| Goal of the exercise |
Copy the lines below exactly, starting at the one with "Am 18.2.23 startet" and ending at the one with "Light pink crocodile", and leave out any picture.

| Material supplied |

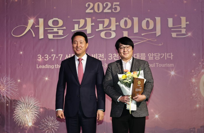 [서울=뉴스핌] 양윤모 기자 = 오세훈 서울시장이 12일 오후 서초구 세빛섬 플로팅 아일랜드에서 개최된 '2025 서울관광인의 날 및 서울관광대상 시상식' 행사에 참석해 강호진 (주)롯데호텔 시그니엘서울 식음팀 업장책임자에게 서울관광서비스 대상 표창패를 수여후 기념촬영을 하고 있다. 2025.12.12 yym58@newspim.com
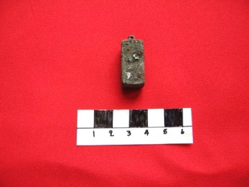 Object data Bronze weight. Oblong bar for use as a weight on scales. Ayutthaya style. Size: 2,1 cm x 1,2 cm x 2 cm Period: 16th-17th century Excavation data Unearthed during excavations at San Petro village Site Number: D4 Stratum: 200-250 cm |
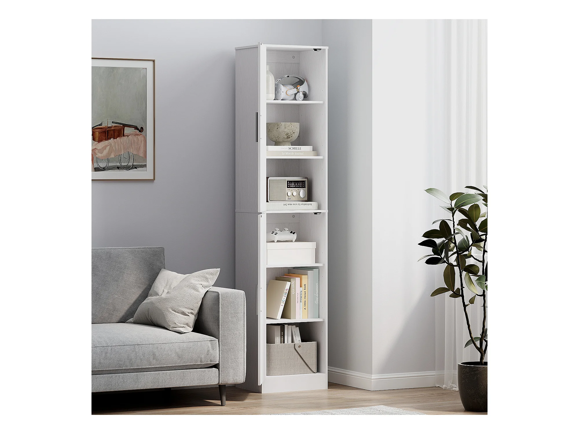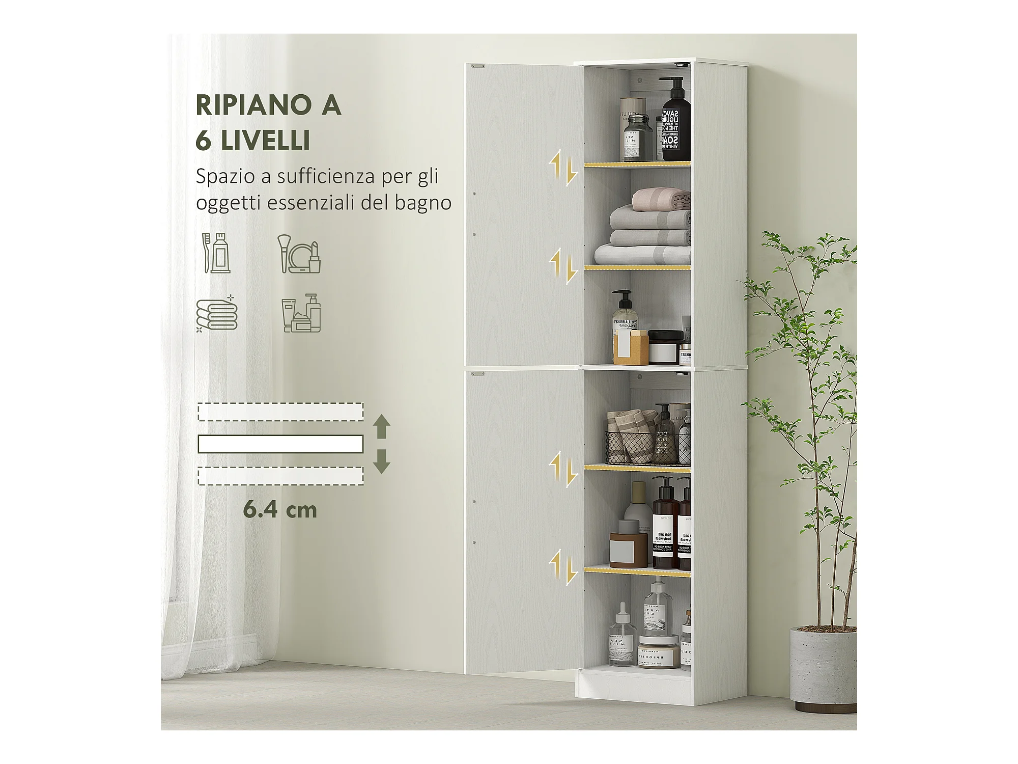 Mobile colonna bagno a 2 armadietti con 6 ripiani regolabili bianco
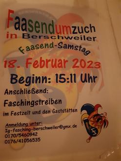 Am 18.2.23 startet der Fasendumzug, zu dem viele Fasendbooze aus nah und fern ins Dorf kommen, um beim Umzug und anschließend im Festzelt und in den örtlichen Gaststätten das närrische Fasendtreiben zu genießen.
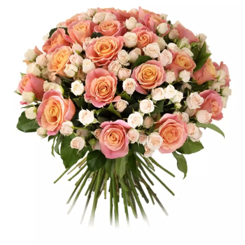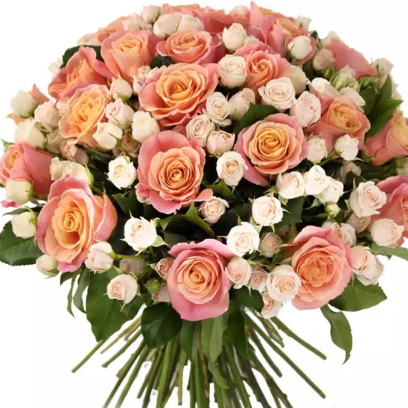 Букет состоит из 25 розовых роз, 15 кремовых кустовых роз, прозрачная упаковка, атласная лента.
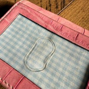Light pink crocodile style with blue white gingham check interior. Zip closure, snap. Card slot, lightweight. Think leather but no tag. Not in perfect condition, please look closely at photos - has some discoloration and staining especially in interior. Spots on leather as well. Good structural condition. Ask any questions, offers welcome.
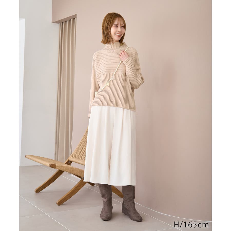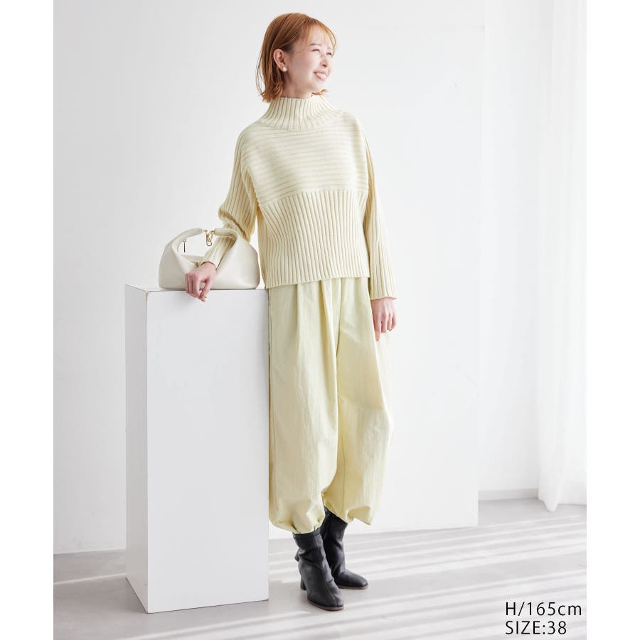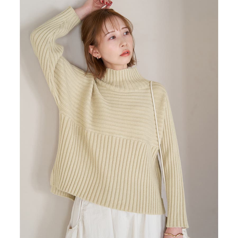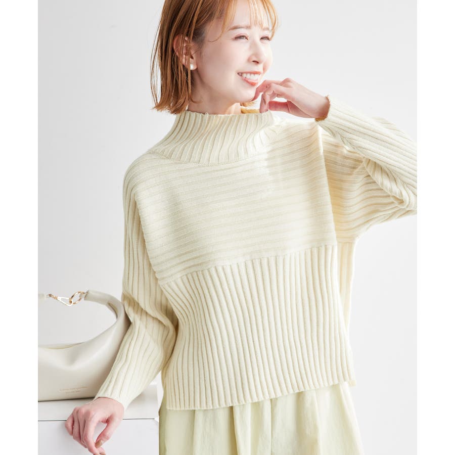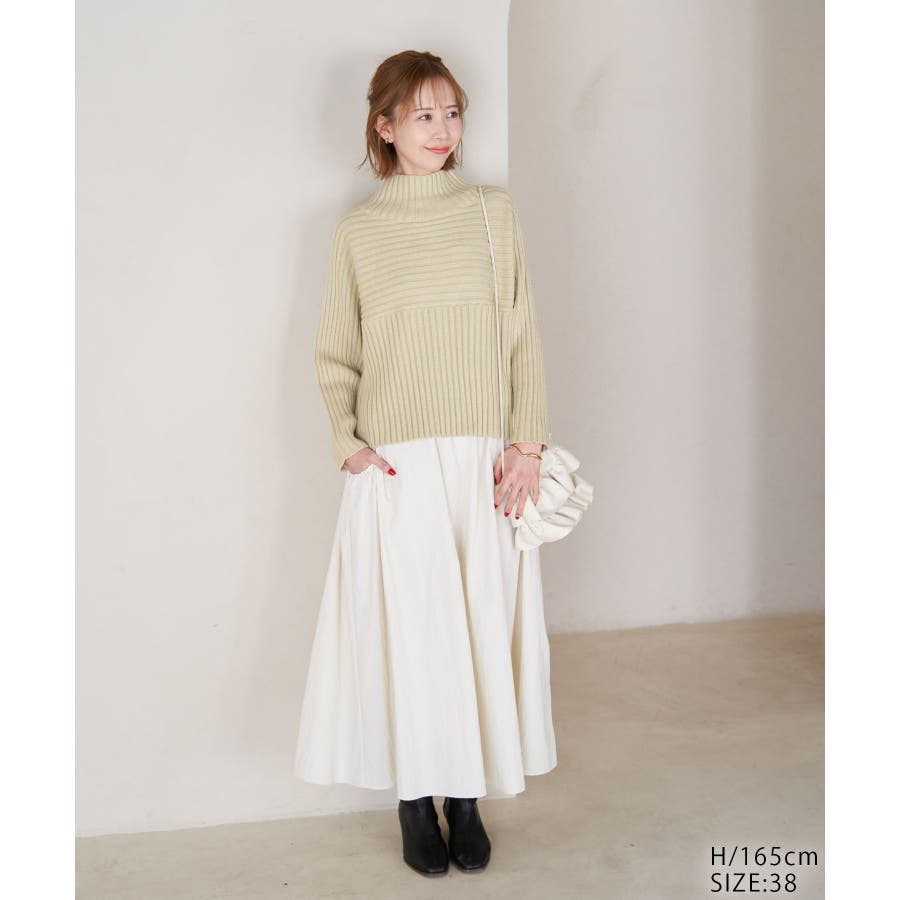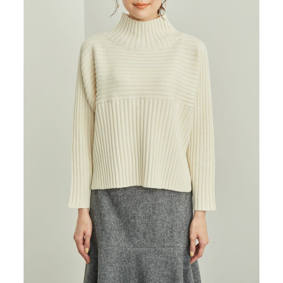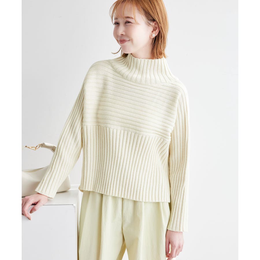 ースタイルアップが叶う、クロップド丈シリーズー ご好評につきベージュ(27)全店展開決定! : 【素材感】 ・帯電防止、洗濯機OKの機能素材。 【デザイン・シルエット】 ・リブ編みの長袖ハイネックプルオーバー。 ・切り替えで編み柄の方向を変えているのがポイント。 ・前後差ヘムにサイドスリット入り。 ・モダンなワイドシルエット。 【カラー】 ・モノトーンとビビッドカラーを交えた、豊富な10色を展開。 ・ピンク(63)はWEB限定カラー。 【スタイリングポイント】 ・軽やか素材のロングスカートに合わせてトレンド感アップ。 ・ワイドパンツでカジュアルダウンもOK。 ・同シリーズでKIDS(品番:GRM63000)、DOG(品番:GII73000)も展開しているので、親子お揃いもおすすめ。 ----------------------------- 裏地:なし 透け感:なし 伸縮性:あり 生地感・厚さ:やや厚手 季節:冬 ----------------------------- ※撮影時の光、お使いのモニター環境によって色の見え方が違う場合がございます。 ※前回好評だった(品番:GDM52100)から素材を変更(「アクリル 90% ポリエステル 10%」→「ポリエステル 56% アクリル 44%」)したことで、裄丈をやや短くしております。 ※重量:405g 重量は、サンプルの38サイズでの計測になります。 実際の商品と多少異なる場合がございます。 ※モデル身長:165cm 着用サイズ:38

| Solved problem |
 Am 18.2.23 startet der Fasendumzug, zu dem viele Fasendbooze aus nah und fern ins Dorf kommen, um beim Umzug und anschließend im Festzelt und in den örtlichen Gaststätten das närrische Fasendtreiben zu genießen.
 Букет состоит из 25 розовых роз, 15 кремовых кустовых роз, прозрачная упаковка, атласная лента.
Light pink crocodile style with blue white gingham check interior. Zip closure, snap. Card slot, lightweight. Think leather but no tag. Not in perfect condition, please look closely at photos - has some discoloration and staining especially in interior. Spots on leather as well. Good structural condition. Ask any questions, offers welcome.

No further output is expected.